ビタミンDと日光浴の話

東です。

 

 

 

 

 

 

 

 

                       
アトピー性皮膚炎の方が気にしたいビタミンにビタミンDがあります。
このビタミンDは、主に日光を受け体内で作られますが、一定の量が作られるのに必要な日光を浴びる時間に、地域差が大きいことをご存じでしょうか?
              
              
●体内で必要とするビタミンD生成に要する日照時間の推定
~札幌の冬季にはつくばの3倍以上の日光浴が必要~
http://www.nies.go.jp/whatsnew/2013/20130830/20130830.html
              
国立環境研究所と東京家政大学の研究チームは、このほど健康な生活を送るのに必要不可欠な成人の1日のビタミンD摂取量の指標とされる、5.5μgすべてを体内で生成するとした場合に必要な日光浴の時間を、日本の3地点である札幌、つくば、那覇について、季節や時刻を考慮した数値計算を用いて求めました。

その結果、両手・顔を晴天日の太陽光に露出したと仮定した場合、紫外線の弱い冬の12月の正午では、那覇で8分、つくばでは22分の日光浴で必要量のビタミンDを生成することができるものの、緯度の高い札幌では、つくばの3倍以上の76分日光浴をしないと必要量のビタミンDを生成しないことが判りました。紫外線を浴びすぎるとシミやしわ、皮膚がんの原因となることから、最近極度に紫外線を忌諱する風潮も一部で見受けられますが、冬季の北日本などでは食物からのビタミンD摂取に加え、積極的な日光浴が推奨されることが今回の研究で明らかとなりました。
なお、本研究結果は、8月30日発行の日本ビタミン学会の機関誌「Journal of Nutritional Science and Vitaminology」に掲載されます。
                 
(以下、省略)
                      
記事は、論文となっていますが、全文は長いため、詳しくご覧になりたい方は、引用元のホームページでご覧ください。
記事にあるように、お住まいの地域の緯度により、一定のビタミンD生成に必要な「日光浴」の時間に違いがあることが分かります。
ビタミンDは、一般的に骨の健康維持に必要な栄養素として知られていますが、同時に免疫機能にも関わることが分かっています。
そのため、アレルギー的な要因を抱えるアトピー性皮膚炎の方の場合、ビタミンDが不足していることが、免疫機能に対してマイナス要因となることで症状の悪化要因となることがある、という研究報告もあるようですので、こうしたビタミンDが不足しないような注意も必要かもしれません。
サプリメントなどで補給することも可能ですが、可能な範囲で「自分の体で生成」するような生活を心がけることは大切でしょう。
なお、記事中にもあるように、紫外線はビタミンD生成には必要ですが、お肌に対するダメージを与えるといったマイナス点もありますから、「適度な量」には注意が必要でしょう。

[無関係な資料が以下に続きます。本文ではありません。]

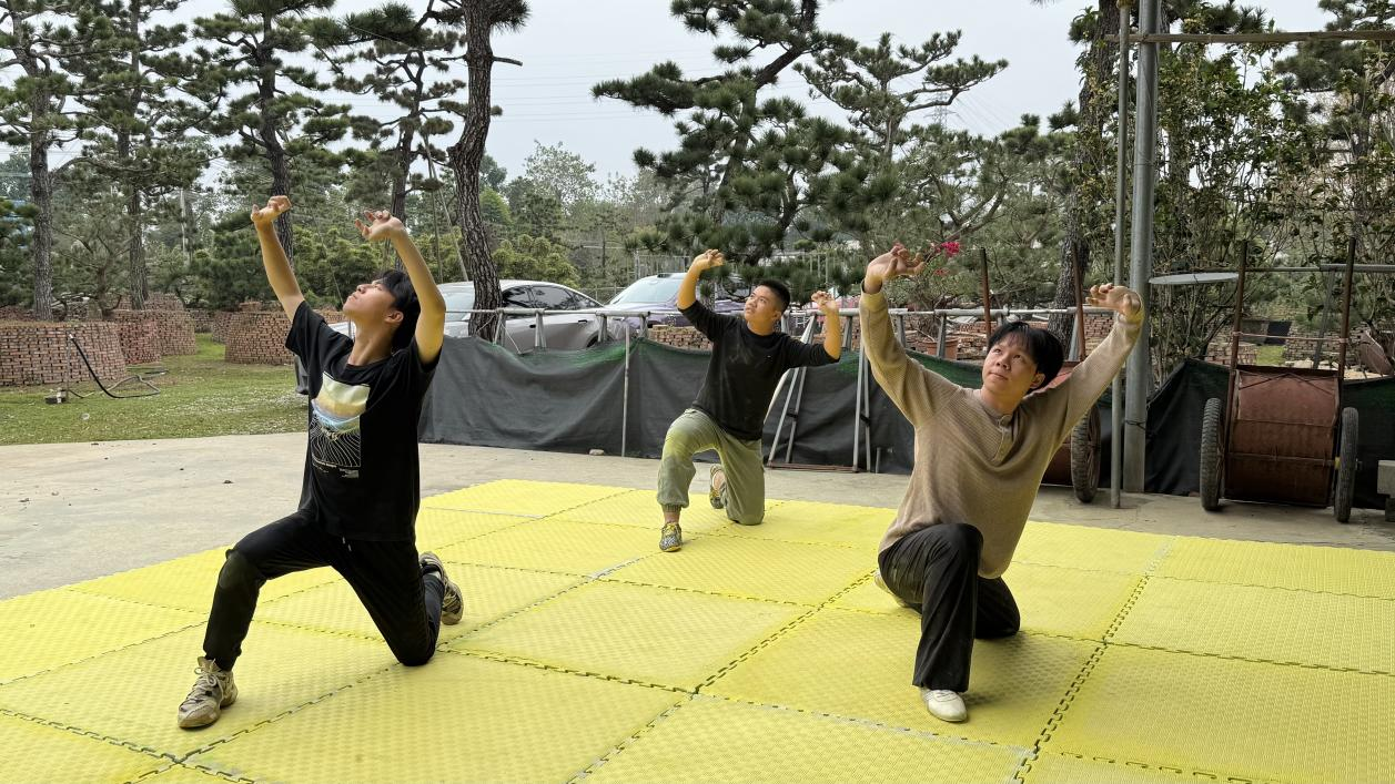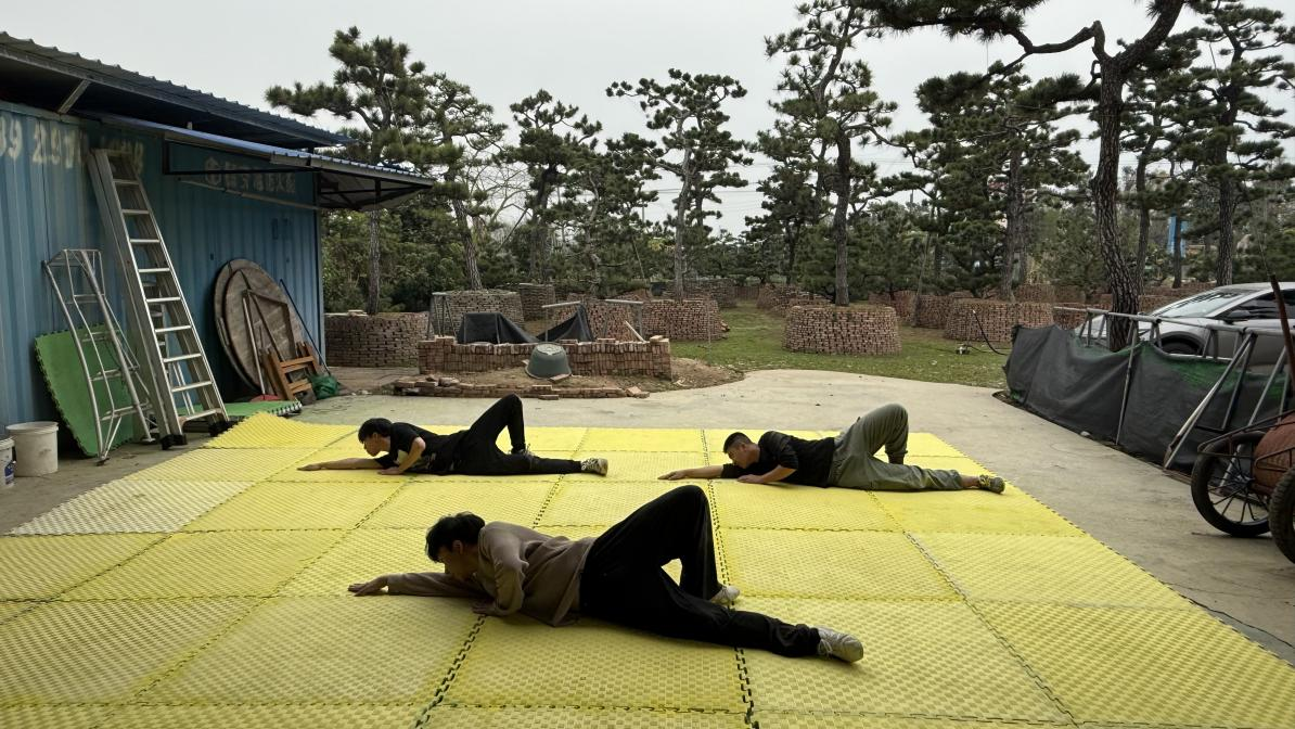随后依次登台展演龟牛拳。何明骏自幼习武、功底扎实,演练时静如灵龟蛰伏、动若神牛奔跃,劲力沉稳雄浑、招式连贯流畅,尽显龟牛拳古朴刚健的独特神韵。严柏杰、谭子濠两位同学虽尚在学习阶段,演练中略显生涩、劲力稍欠贯通,但态度认真、精气神饱满,展现出扎实的学习态度与良好的习武基础。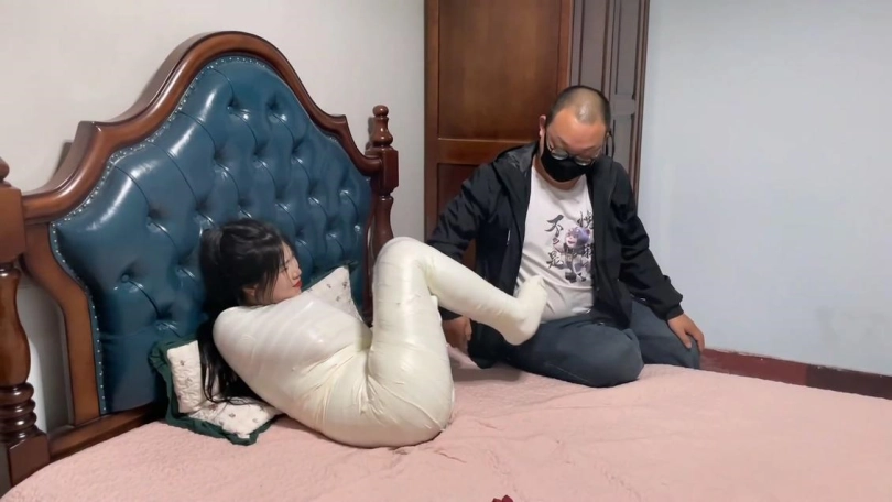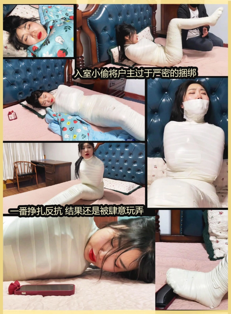 吴晗迷迷糊糊的醒来。发现自己不能动了,她挣脱弄开被子,发现自己的身体除了脑袋都被木乃伊捆绑了。她一脸懵逼从床上坐起来。听到卧室外小偷正在搜刮的声音。原来家里进贼了。

                                  
おまけ★★★★大田のつぶやき

ビタミンDが不足していると思われる方に、ビタミンDのサプリメントや日光浴をお勧めして、症状が改善した例は、過去にもあります。
ただ、ビタミンD自体は過剰摂取も良くありませんから、また体内で生成されるビタミンDとサプリメントのビタミンDは、その組成が完全に一致しているわけではなく、可能な範囲で自らの体で生成されるビタミンDの量を「高める」工夫を行うことを基本とした方がよいかもしれません。